• **Activity**: In the entries below, find the line with "rB = 15.5 cm |" and the line with "Высокое качествоFUERSG2Беспроводной 99"; copy them and every line between them exactly, but not the pictures.

• **Record excerpts**:
━━━━
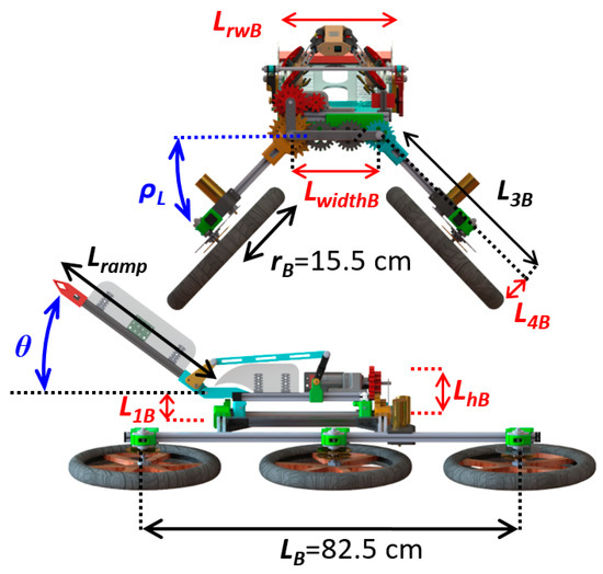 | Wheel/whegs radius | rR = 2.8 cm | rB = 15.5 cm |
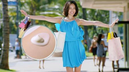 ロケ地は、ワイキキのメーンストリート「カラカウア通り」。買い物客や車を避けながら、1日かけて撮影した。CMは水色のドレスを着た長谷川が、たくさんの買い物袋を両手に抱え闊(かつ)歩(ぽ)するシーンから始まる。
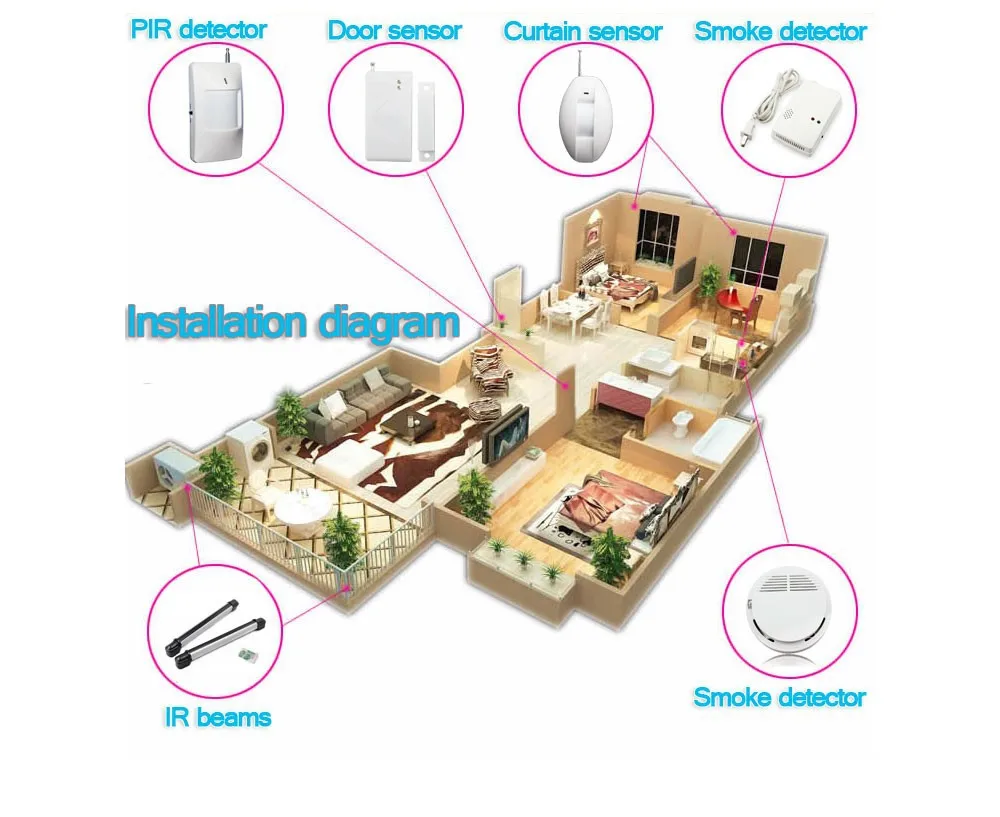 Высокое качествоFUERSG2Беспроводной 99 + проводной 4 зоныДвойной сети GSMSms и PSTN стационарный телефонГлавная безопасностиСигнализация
━━━━
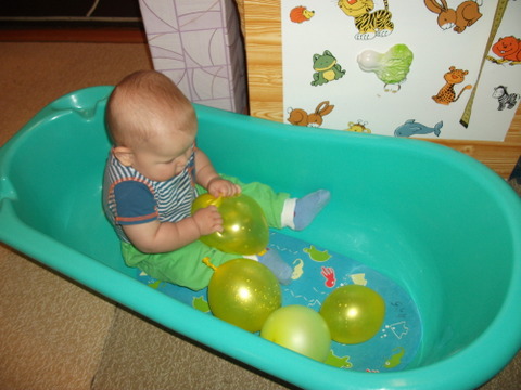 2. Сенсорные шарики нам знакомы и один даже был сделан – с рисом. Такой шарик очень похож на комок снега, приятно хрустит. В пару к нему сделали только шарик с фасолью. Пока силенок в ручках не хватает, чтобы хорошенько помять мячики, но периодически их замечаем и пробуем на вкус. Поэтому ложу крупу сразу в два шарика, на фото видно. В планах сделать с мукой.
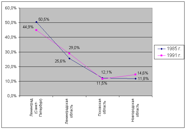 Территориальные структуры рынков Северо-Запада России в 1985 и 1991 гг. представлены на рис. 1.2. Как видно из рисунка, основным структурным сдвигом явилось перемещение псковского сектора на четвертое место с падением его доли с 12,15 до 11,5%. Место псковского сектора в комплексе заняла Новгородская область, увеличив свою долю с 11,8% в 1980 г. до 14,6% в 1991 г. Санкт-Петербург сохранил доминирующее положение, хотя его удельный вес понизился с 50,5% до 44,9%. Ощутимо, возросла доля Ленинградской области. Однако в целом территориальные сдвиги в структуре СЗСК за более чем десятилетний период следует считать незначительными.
━━━━
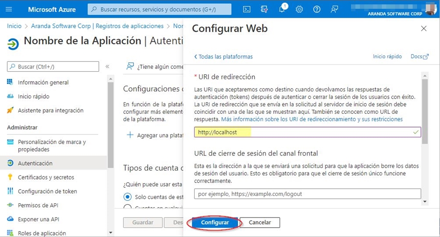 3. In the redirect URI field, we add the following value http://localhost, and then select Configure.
━━━━
• **Output of the exercise**:
 | Wheel/whegs radius | rR = 2.8 cm | rB = 15.5 cm |
 ロケ地は、ワイキキのメーンストリート「カラカウア通り」。買い物客や車を避けながら、1日かけて撮影した。CMは水色のドレスを着た長谷川が、たくさんの買い物袋を両手に抱え闊(かつ)歩(ぽ)するシーンから始まる。
 Высокое качествоFUERSG2Беспроводной 99 + проводной 4 зоныДвойной сети GSMSms и PSTN стационарный телефонГлавная безопасностиСигнализация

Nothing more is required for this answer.